В этом отчаянном положении Консуэло вспомнила о Зденко, который был позади и мог вернуться, вспомнила о потоке, который он все еще, так сказать, держал в своих руках и который мог спустить в тот миг, когда она, лишенная помощи Альберта, стала бы одна подниматься к водоему, - потому что Альберт, во власти какого-то нового бреда, полагал, что она идет впереди, и, несясь за этим обманчивым призраком, оставлял ее во мраке. Это было слишком для женщины, даже для такой, как Консуэло. Цинабр бежал так же быстро, как и его хозяин, он со всех ног мчался вперед, унося в зубах фонарь. Свой же фонарь Консуэло оставила в убежище Альберта. Дорога то и дело поворачивала, вследствие чего свет поминутно исчезал. Наткнувшись впотьмах на какой-то выступ, Консуэло упала и не нашла сил подняться. Смертельный холод охватил ее. Еще одна страшная мысль промелькнула в ее мозгу: вероятно, Зденко получил приказание через определенное время открыть шлюзы, чтобы, напустив воду, скрыть лестницу и выход из колодца; даже независимо от своей ненависти к ней, он должен был по привычке выполнить эту необходимую предосторожность.
"Итак, все кончено! - подумала Консуэло, тщетно силясь ползти. - Я жертва неумолимого рока! Мне не выйти из этого рокового подземелья, глазам моим не увидеть больше дневного света!.."
Уже пелена, гуще окружавшего ее густого мрака, стала заволакивать ей взор, руки окоченели, какая-то апатия, похожая на последний предсмертный сон, заглушила страх... И вдруг она почувствовала, что чьи-то могучие руки поднимают ее, сжимают, уносят по направлению к колодцу... чья-то пылающая грудь трепещет у самой ее груди, согревая ее; чей-то дружеский, ласковый голос шепчет ей нежные слова. Цинабр прыгает перед нею с качающимся фонарем. Это Альберт, придя в себя, уносит, спасает ее со страстью матери, потерявшей было и вновь нашедшей своего ребенка. За три минуты они дошли до канала, из которого только что ушла вода, достигли арки и лестницы колодца. Цинабр, привыкший к этому опасному подъему, бросился вперед, словно боясь, что помешает хозяину, путаясь под его ногами. Альберт, держа одной рукой Консуэло, а другой хватаясь за цепь, поднялся по винтовой лестнице в тот момент, когда вода уже бурлила на дне колодца. Эта опасность была не меньше других, перенесенных ею раньше, но Консуэло уже не ощущала страха. Альберт вообще обладал такой физической силой, пред которой сила Зденко казалась игрушечной, а в данную минуту, под влиянием невероятного возбуждения, сила эта стала просто сверхъестественной. Когда при свете занимающейся зари он опустил свою драгоценную ношу на закраину колодца, Консуэло наконец облегченно вздохнула и, оторвавшись от тяжело дышавшей груди Альберта, вытерла его высокий вспотевший лоб своим шарфом.

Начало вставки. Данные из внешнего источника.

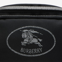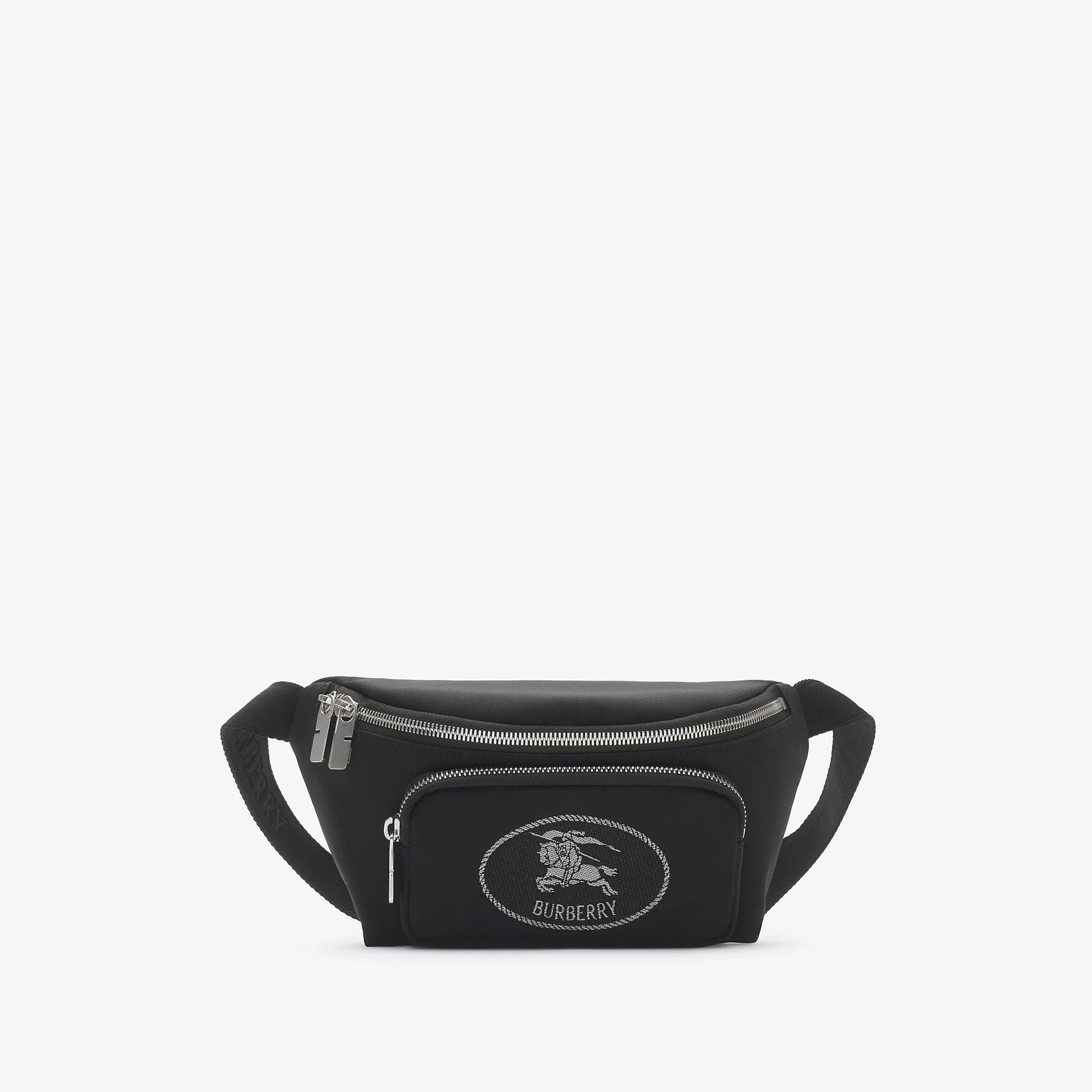 Product Details A belt bag woven with a fil coupe Knight stamp in a reflective yarn, lined in a matching colour. The archival motif was first seen on Burberry bags in the 1980s. The strap features tonal Burberry lettering and adjusts the design from a crossbody bag to wear around the waist. - Adjustable clip belt - Zip closure - Exterior zip pocket - Brushed metal hardware - Woven Equestrian Knight Design at front - Lined - Comes with a dust bag - Item 81114021 Size & Fit - 11 x 6 x 18cm/4.3 x 2.4 x 7.1in. Min. strap length: 68cm/26.8in. Max. strap length: 137cm/53.9in Fabric & Care - Outer: 90% polyester, 8% polyurethane, 1% glass, 1% polyamide - Lining: 97% polyester, 3% polyurethane - Imported

- Друг, - нежно сказала она, - если б не вы, я была бы мертва; вы отплатили за все, сделанное мною для вас; я чувствую сейчас вашу усталость больше, чем вы сами, и мне кажется, что на вашем месте я бы не выдержала.
- О моя маленькая Zingarella! - с восторгом воскликнул Альберт, целуя шарф, которым она вытирала его лицо. - Ты не тяжелее для меня, чем в тот день, когда я нес тебя со Шрекенштейна в этот самый замок.
- Замок, откуда вы, Альберт, не выйдете больше без моего разрешения; не забывайте своих клятв!
- А ты своих! - ответил он, опускаясь перед ней на колени.
Он закутал Консуэло шарфом и провел ее в свою комнату, откуда она тихонько проскользнула к себе. Замок просыпался. В нижнем этаже уже слышался сухой, резкий кашель канониссы - признак, что она проснулась. Консуэло посчастливилось: никто не видел и не слышал, как она добралась до своей комнаты. Дрожащей рукою сняла она с себя разорванную и испачканную одежду и, заперев ее в сундук, вынула из замка ключ. У нее еще нашлись силы скрыть все следы своего таинственного путешествия; но едва положила она свою измученную голову на подушку, как ее охватил тяжелый, лихорадочный сон, полный фантастических видений и кошмаров, и она вытянулась на постели во власти неумолимой горячки.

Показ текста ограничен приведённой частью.